Duran glanced back over his shoulder when Varden came into the room, then turned and faced the other man. “I’ve decided to deal with Mason myself.”
“Yes, sir.”
“Which means you’ll be continuing on to Portland without me.”
Varden nodded. “I understand.”
“Do you? Then don’t fail me, Varden. I want Sarah Gallagher.”
“I will get her for you, sir,” Varden said coolly.
“Will you? We’ll see, Varden. We will see. In the meantime, I’ll rejoin you at the next stage of the operation.”
“Yes, sir.” Alone at last, Varden went to the window for a moment and looked out. But there was nothing much to look at, and he turned back into the room with a faintly irritated shrug.
He was pleased, though. It had worked out better than he could have hoped for. He had time now, and a chance to run the operation the way he wanted, the way it needed to be run.
He picked up the phone and placed a call to a number he knew well. “Astrid. I want you in Portland, immediately.”
“You want me?” Her voice was, just faintly, mocking. “Does Duran know about this?”
Varden kept a rein on his temper. “Of course.”
“Well, in that case, I’m on my way.” Definite mockery now.
Varden allowed the disrespect to pass unchallenged. It hardly mattered, after all. When his plan worked, Astrid would have no doubt at all who was her superior.
And neither would Duran.
By four o’clock that afternoon, they were checked into yet another chain hotel in another small suite. Sarah, who had said nothing else after their brief conversation and had at least appeared to sleep all the way to Portland, agreed only reluctantly to eat something before retreating to the bedroom and going to sleep once again. Despite what she’d said about sleep not helping, it seemed her body or mind demanded it.
Tucker checked on her several times during the next few hours, only to find her so deeply asleep that she never even changed position on the bed. That the depth of her sleep bordered on unconsciousness disturbed him, but he was reluctant to force her awake before she was ready. Especially given what lay ahead of them.
He was left with far too many hours alone in which to brood. He tried to occupy himself in searching for and gathering more information about the conspiracy surrounding them, but everything he found was more nebulous confirmation of his beliefs and theories—but no proof whatsoever. He finally turned off the laptop and slouched back in the uncomfortable chair at the desk near the window, staring across the room at the muted MSNBC on television without noticing what had gone on in the world today.

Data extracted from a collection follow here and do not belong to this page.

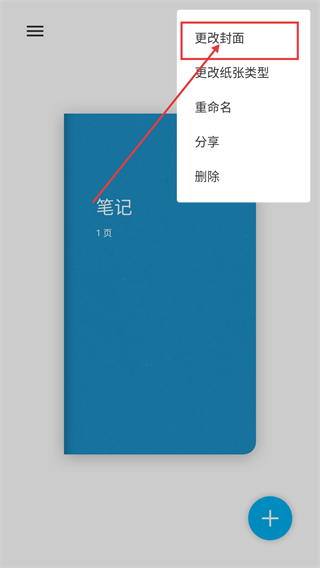 2、打开操作菜单后,找到【更改封面】选项并点击,就能进入封面设置界面调整笔记外观啦。
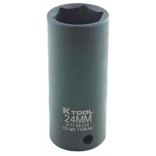 K Tool International, KTI38224, 1/2in Drive x 24mm, Deep, 6 Point, Impact Socket
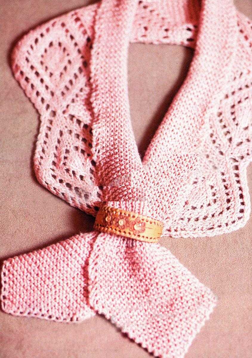 Модель первого воротника прекрасно подходит не только для взрослых, но и для детей. Чтобы его связать спицами, используйте акриловую пряжу розового цвета и спицы номер 2,5. Нужно набрать три п. и вязать платочную вязку, делая прибавки в начале, а потом в конце каждой полосы по одной штучке до тех пор, пока на спицах у вас не получится тридцать петлиц. После этого двадцать рядов необходимо вязать платоч. вязкой по прямой. Дальше выполните еще двадцать р. резинкой один на один по такой схеме: 18 звеньев вяжутся резинкой один на один, две п. закрываются, а остальные п. выполняются также резинкой 1 на 1.
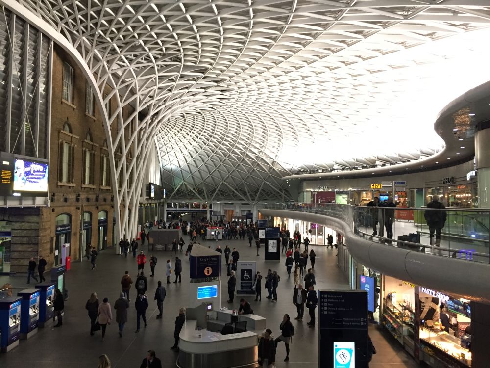 王国十字站 (King's Cross) 是个大站,火车地铁在此交汇,前往法国的高速火车"欧洲之星"也是从这里出发。电影《哈利波特》有一个9又3/4的月台就是在这里取景的,从此这个站台便成了成了哈粉们的重要去处。
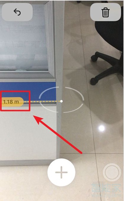 2、将镜头中的原点对准测量的起点,按下“+”号,标注起点。
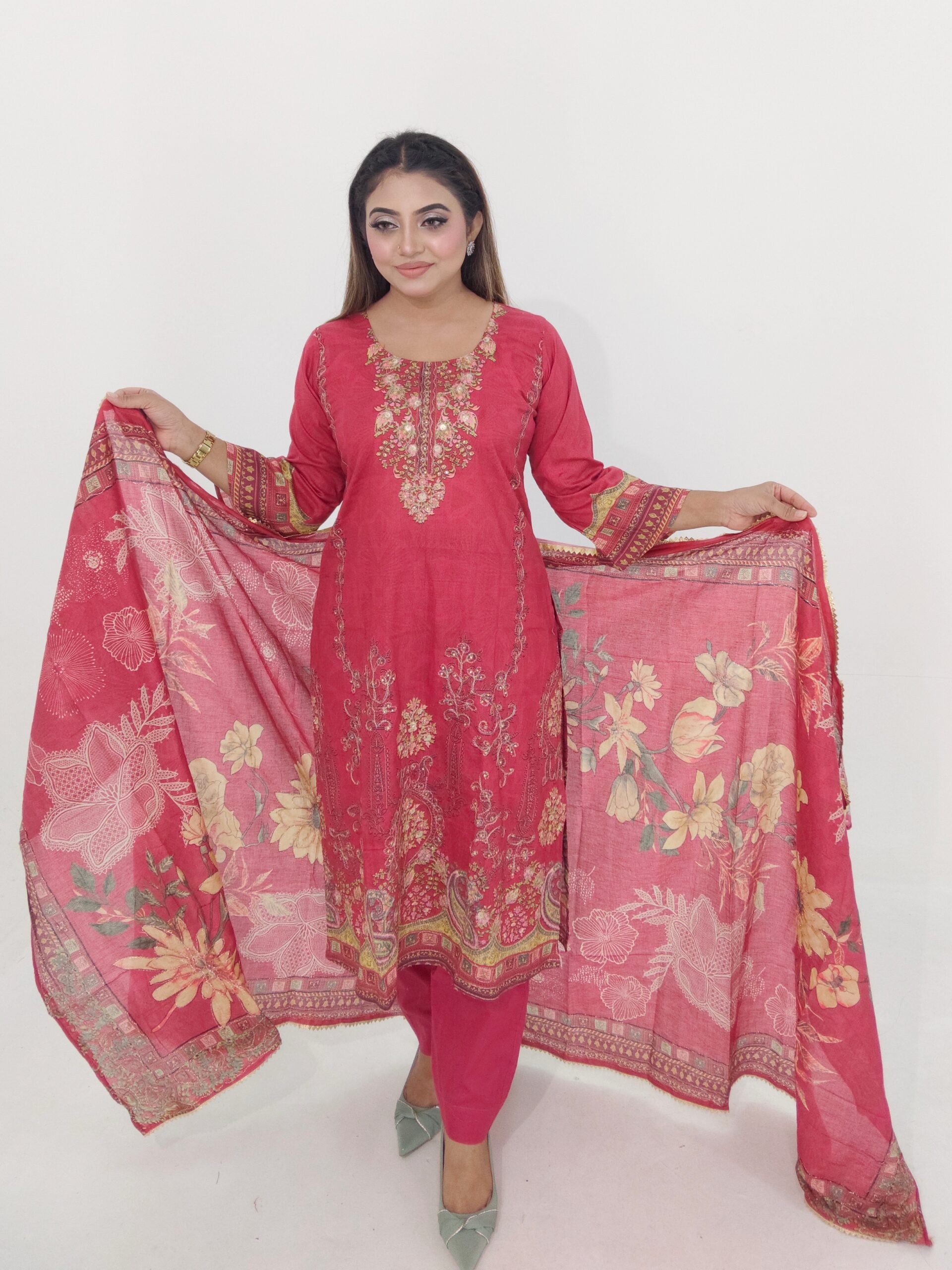 Ideal for casual wear, family gatherings, small festive occasions, or elegant daily use, this cotton unstitched 3 piece offers a perfect blend of comfort, style, and traditional beauty.
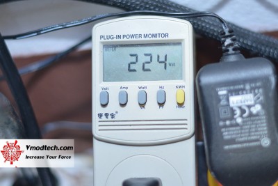 สำหรับ Full Load นั้น กำลังไฟที่กินจากเต้ารับก็ประมาณ 407 วัตต์ และในสถานะ Idle นั้นก็กินไฟจากเต้ารับอยู่ 224 วัตต์ครับ
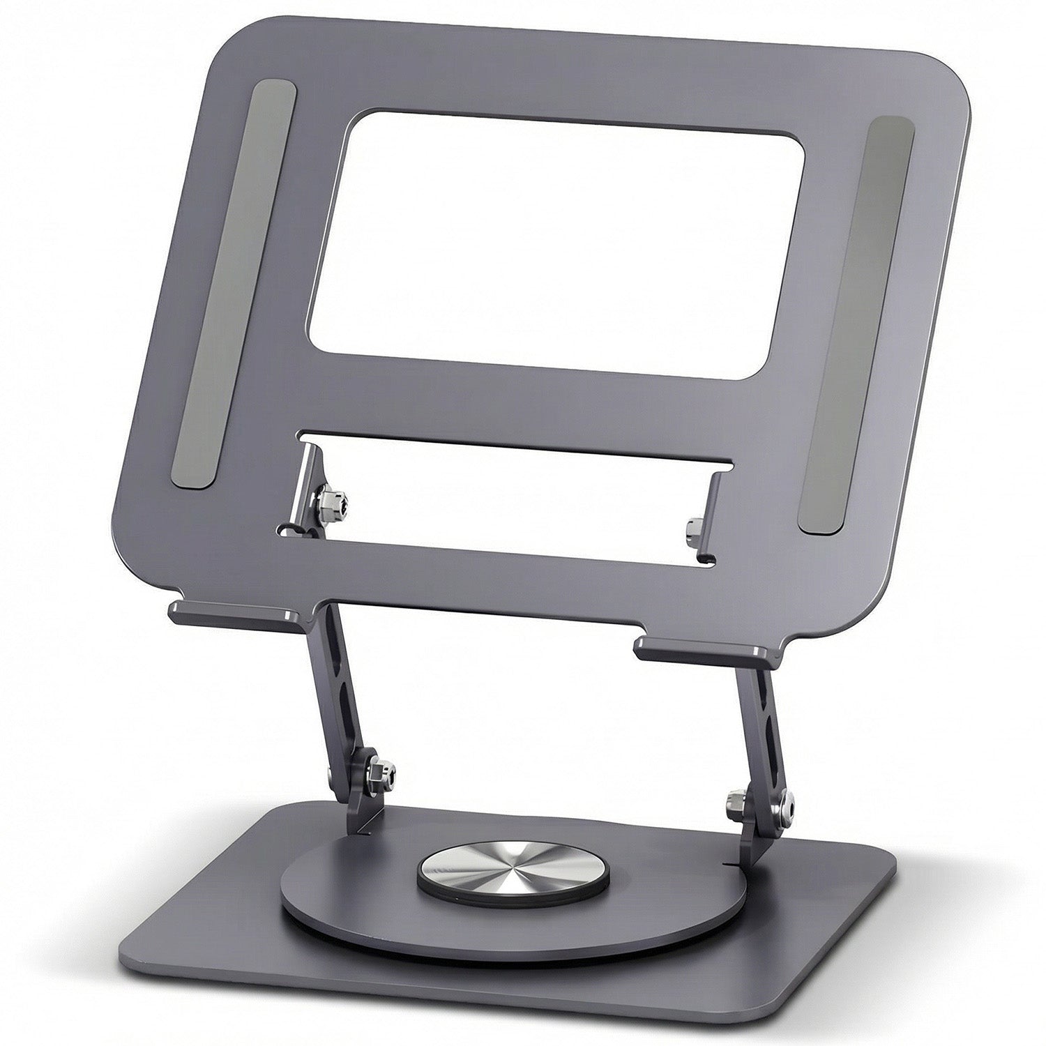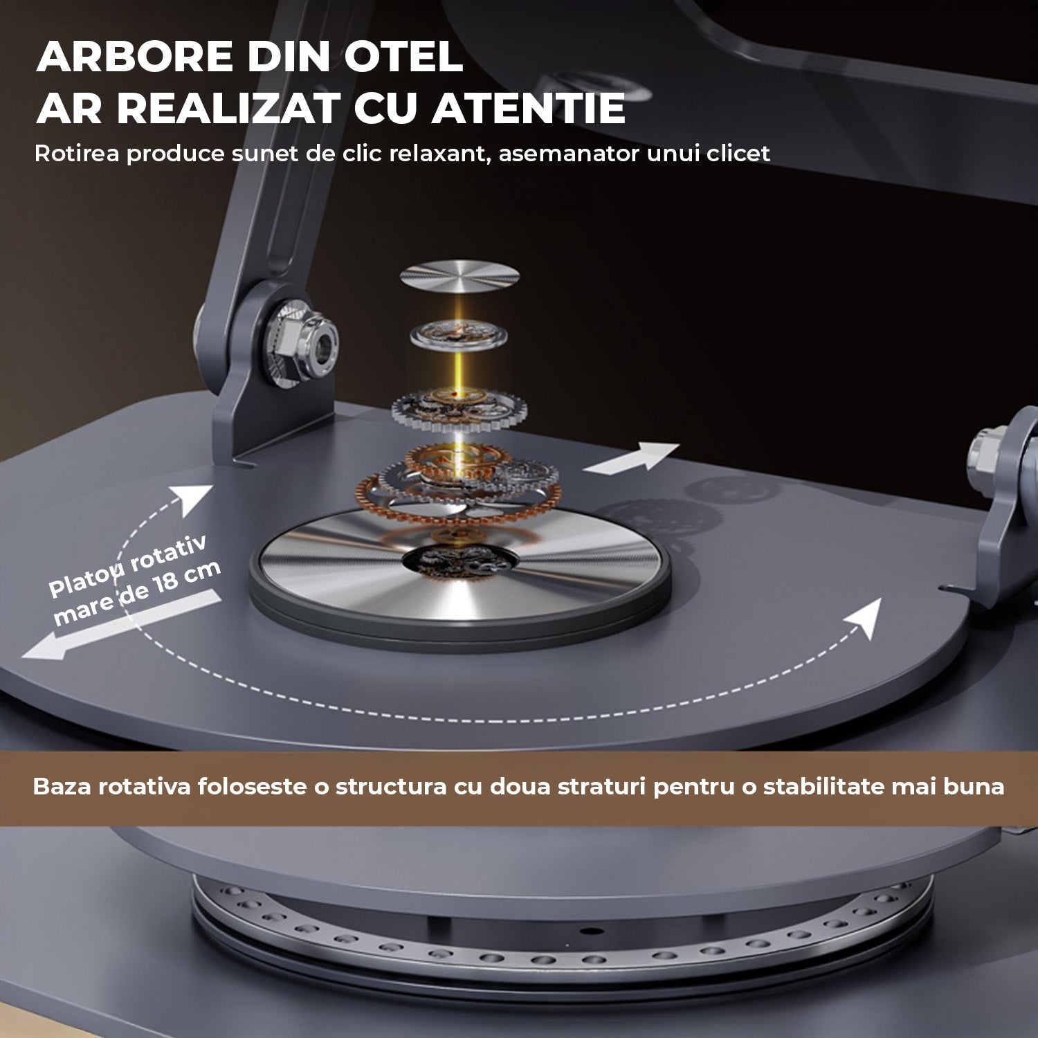 Baza rotativa 360° si axele reglabile iti permit sa ajustezi rapid unghiul de vizualizare – ideal pentru apeluri video, prezentari sau multitasking. Fabricat din aliaj metalic rezistent, cu o baza antiderapanta din silicon, ofera stabilitate exceptionala chiar si in timpul tastarii intense.

It was maddening that he’d been unable to find a shred of solid proof to confirm what they suspected. Yes, psychics had seemingly died or disappeared, all over the country and for years, yet each instance appeared accidental or at least explicable. There had even been people convicted in abduction cases and put away—and in at least a couple of cases executed—for murders, despite the absence of bodies. As far as the legal system was concerned, each was an isolated incident. Despite all the various databases beginning to connect diverse law enforcement agencies across the country, none had, apparently, noticed any kind of pattern.
There was no evidence of a conspiracy. No evidence, that is, that anyone not involved in this would believe.
Tucker began to feel some sympathy for the conspiracy “nuts” he’d heard about for years, those who insisted that someone else had fired at JFK from the grassy knoll, or that the government was hiding the existence of extraterrestrials, or that Elvis was alive and well and living in Topeka.
The very idea of yet another vast, inexplicable, and secretive conspiracy sounded so absurd that the tendency was to laugh or shrug it off, or at the very least greet each new conspiracy theory with a roll of the eyes and patent disbelief. You could pile the facts one on top of the other, list a long string of events too similar to be coincidence, and come up with a neat (if bizarre) theory to explain it all—and there was absolutely no concrete evidence to back up your claims.
Even more, there was no explanation, no reason you could offer to add weight to the theory. Psychics were being taken. Why? Who was taking them? Where were they being taken?
And—oh, by the way—how come nobody but you noticed them being taken?
For something so vast and long-lived, this thing had left few tracks for anyone to follow and no fingerprints at all. There was no clue as to who was behind it. No clue as to the reasoning or purpose behind it. No evidence other than speculation, and precious little of that.